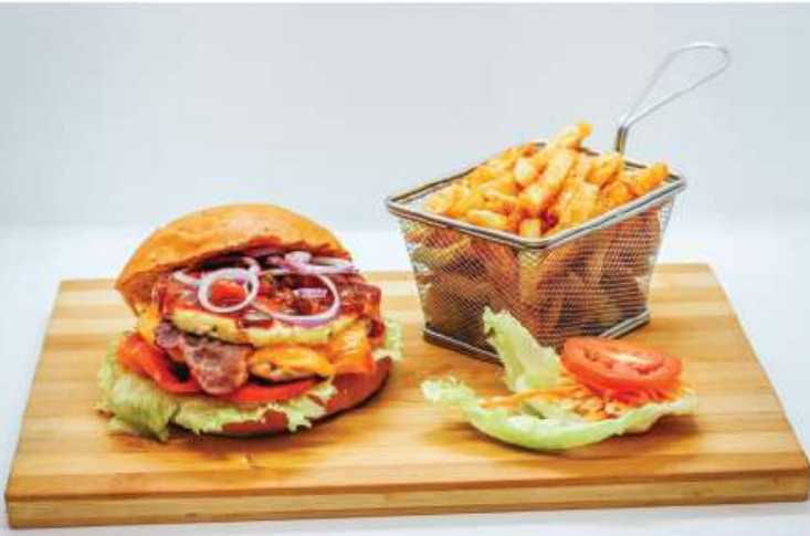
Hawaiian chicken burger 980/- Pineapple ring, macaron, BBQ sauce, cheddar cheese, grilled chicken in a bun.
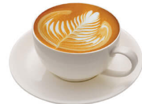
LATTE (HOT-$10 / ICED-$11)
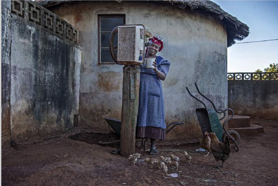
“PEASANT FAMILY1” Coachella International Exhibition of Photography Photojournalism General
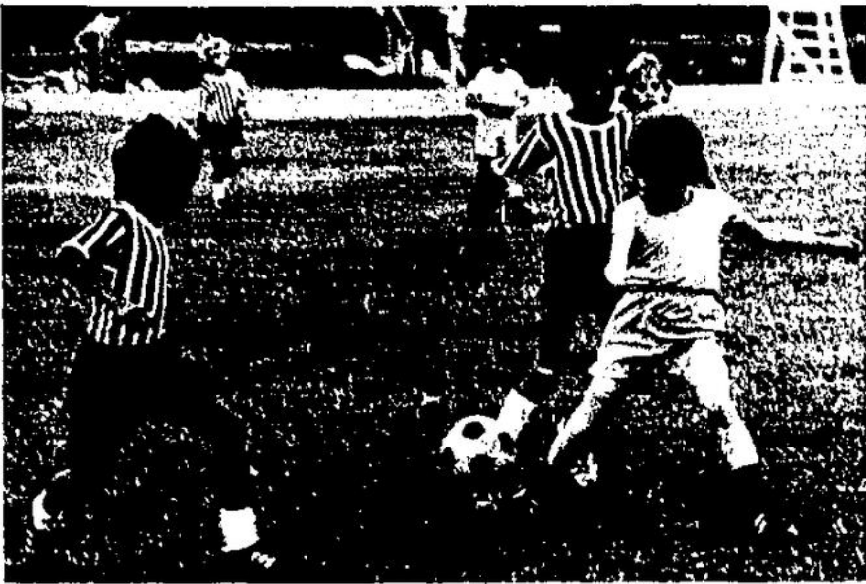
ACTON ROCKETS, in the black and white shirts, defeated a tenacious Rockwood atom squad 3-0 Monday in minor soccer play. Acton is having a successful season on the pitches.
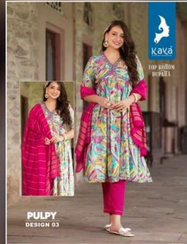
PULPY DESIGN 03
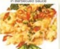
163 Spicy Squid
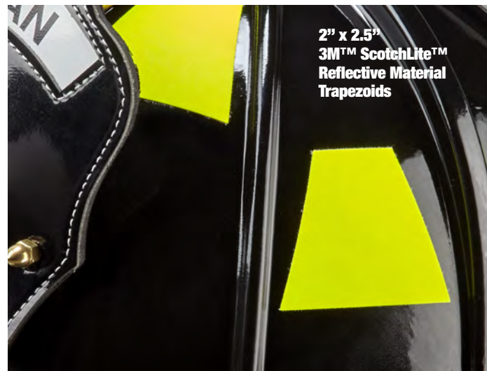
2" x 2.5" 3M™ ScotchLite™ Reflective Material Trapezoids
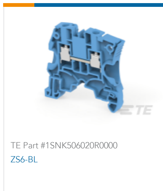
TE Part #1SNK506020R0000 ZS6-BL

...

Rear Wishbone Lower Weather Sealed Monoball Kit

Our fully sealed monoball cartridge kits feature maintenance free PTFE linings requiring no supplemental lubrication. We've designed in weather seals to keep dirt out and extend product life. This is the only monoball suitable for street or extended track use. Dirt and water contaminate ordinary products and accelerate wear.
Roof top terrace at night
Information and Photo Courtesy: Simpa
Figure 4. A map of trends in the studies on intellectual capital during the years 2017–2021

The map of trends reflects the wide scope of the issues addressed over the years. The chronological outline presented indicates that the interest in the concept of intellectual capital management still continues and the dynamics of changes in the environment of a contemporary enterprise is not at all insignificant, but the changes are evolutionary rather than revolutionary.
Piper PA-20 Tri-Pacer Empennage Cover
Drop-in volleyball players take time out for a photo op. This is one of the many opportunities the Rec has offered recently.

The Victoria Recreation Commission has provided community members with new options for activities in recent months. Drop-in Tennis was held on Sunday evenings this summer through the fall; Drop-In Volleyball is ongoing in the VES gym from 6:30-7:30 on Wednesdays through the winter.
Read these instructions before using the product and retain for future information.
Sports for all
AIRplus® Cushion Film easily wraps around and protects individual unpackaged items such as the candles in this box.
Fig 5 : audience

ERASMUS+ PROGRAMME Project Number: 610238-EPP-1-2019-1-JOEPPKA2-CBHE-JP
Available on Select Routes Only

Task item: Exactly how many lines in the listing above hold the string "years"? State the number by itself.

Response for this exercise: 2